In such examples, n.r. scores signal the location of exclusion due to, for example, cultural or institutional prejudices.
The observed patterns of n.r. scores in various studies hide important messages and even alter messages. Jacques Derrida claimed that essence is no longer at the heart of meaning (primary goals, direct impacts) but void – that which is missing. Void is an indestructible trace not only of prejudice, insensibility or lack of knowledge but also of radical indeterminacy in every single thing due to the radical uncertainty in our world. When radical uncertainty rules, the void becomes the most ‘realistic’ feature of the world, following Jacques Lacan. In the darkness of radical indeterminacy, the truth can only come from the void. Alain Badiou wrote that the site from which truths might be grasped must remain empty, which is to say open for incomplete, different but legitimate understandings – a customary situation in cross-thematic undertakings.

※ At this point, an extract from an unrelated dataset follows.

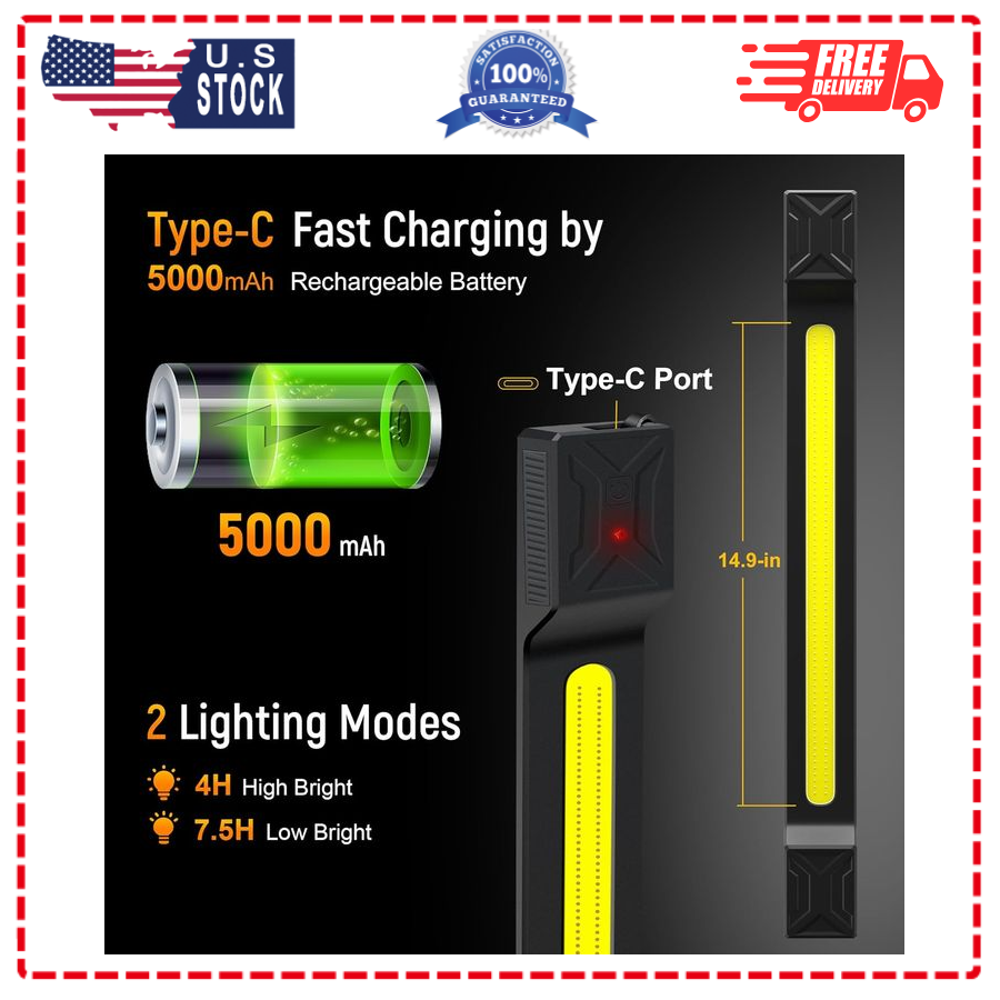 CLAKAP Underhood Work Light, 2600LM High Bright 5000mAh Rechargeable Magnetic LED Work Lights for Mechanics, Automotive Under Hood Light Bar Cordless Car Light for Car Repairing Garage Workshop Color Black Shape Strip Material Acrylonitrile Butadiene Styrene (ABS) Finish Type Painted Light Source Type LED About this item Bright Engine Underhood Light: With a built-in 5000mAh capacity battery, this rechargeable LED work light provides 4 hours of continuous usage in high brightness mode of 2600Lumens and 7.5 hours in low brightness mode of 1300Lumens. Weighing only 0.92lbs, this foldable under hood work light can easily extend from 31.5" to a maximum length of 110.2" , making it very easy to store with a compact size of just a fist. Ideal for underhood work, vehicle maintenance, and various tasks in your garage or workspace. Flexible & Versatile Light: Our rechargeable work light fixture boasts a dual functionality, allowing it to be used as an independent magnetic work light or under hood light bar via the elastic accessories. This work hood light bar is equipped with 2 powerful magnets, allowing you to easily secure it onto various metal surfaces such as car hoods, workbenches, or RVs. Featuring a flexible and detachable design, the adjustable cushioned hooks ensure that rechargeable work light bar stays securely in place on almost any vehicle. The hooks are lined with foam padding, protecting your vehicle from scratches and preventing the buckles from falling off. Powerful COB Lighting: The light strip of the underhood work light made of harmless, soft silicone. The 14.9-inch COB panel illuminates your work area with ample light, making it an essential rechargeable work light for any situation. Perfect for providing bright and clear illumination for vehicle repairs, inspections, and detailing, as well as other tasks that require sufficient lighting. Type-C Charging: With a convenient Type-C charging port, this rechargeable work light is equipped with a high-quality COB and a 5000mAh high capacity battery. Enjoy extended working hours without the hassle of changing batteries or dealing with messy cords. Suitable for portable lighting solutions in various settings such as home projects, garages, attics, basements, outdoor areas, and construction sites. 360°Rotation: The cordless work light strip on both ends of this light is equipped with a 360-degree rotating buckle, allowing you to easily adjust the angle to your desired position. Enjoy the flexibility and convenience of directing the light exactly where you need it, making it the perfect companion for various tasks and lighting needs. Easy to Carry: Thin, lightweight, and sturdy, this rechargeable work light is designed for easy portability. Say goodbye to bulky and inconvenient mechanic work lights. Rest assured, our rechargeable magnetic hood light will eliminate the hassle of carrying heavy and bulky lights, allowing you to focus on your tasks without the burden of cumbersome tools. 2 Lighting Modes: This mechanic work light offers 2 convenient lighting modes - 100% brightness and 50% brightness. With no unnecessary modes to complicate things, you have the perfect lighting options to meet your different needs. Feel confident with the brightness and longevity of this cordless light for engine work, vehicle inspections, repairs, and more. Wide Applications: This car hood light is incredibly versatile! Not only is it suitable for vehicle maintenance, inspection, and detailing, but it also excels in any other area that requires illumination. Whether you're working on home projects, in garages, attics, basements, at outdoor areas, or various construction sites, this magnetic work light is a powerful and reliable work light. Add it to your toolbox for exceptional lighting solutions whenever you need them. . We offer FREE shipping on all orders! . We ship within Five business days of payment, usually sooner. . We use a selection of shipping services such as UPS, FedEx, USPS etc. . We only ship to the lower 48 states, no APO/FPO addresses or PO Boxes allowed. . Local pickups and combined shipping options are not provided at this time. . Your satisfaction is a wonderful reward for our efforts. Please assist us by leaving a positive review if you feel pleased with our service. . In the event that you encounter any difficulties related to your order, please do not hesitate to reach out to us directly through the Messaging system on the Ebay platform. Kindly consider opening a COMPLAINT or a RETURN REQUEST as a last resort, only after all other possible measures have been attempted and we have been unable to provide you with assistance. . We will get in touch with you within 24 hours and make every effort to ensure your satisfaction. . Please rest assured of our service quality.

Selected examples from impact assessment studies confirm one thing. What is initially invisible becomes visible when passing through the evaluative procedure. In a cross-thematic situation, the void is neither mute nor invisible. The bias involved in my claim is invisible only to me, but it is visible from the perspective of many others with a different bias. In the evaluative frame, different instances of void locate and deconstruct one another. In the same manner, the careful appraisal of n.r. scores is an effective tool for the deconstruction of bias in the cross-thematic impact assessment.
To grasp what is missing, an evaluation must assess policy impacts as blindsighted. This means neither being blinded by what is primarily relevant nor blind to what appears irrelevant at first sight. Hence, the evaluation must not only analyse available data and listen to the voices of those included in the study, but must place equal importance on the ‘sounds of silence’ of everything that is in various ways ignored in the data, absent, or voiceless – a large majority of us, not always but far too often.
The conclusion is that governance of deeply uncertain issues needs to rely on the evaluative wisdom of silence. Contemporary societies have entered into a completely new situation in which only the void can comprehend void. No longer an enlightened mind, but an evaluative one.
As in the case of this post. It illustrates that void and integration logic are connected in evaluation. Even more, it suggests that the void is at the core of the integrative logic in evaluative thinking.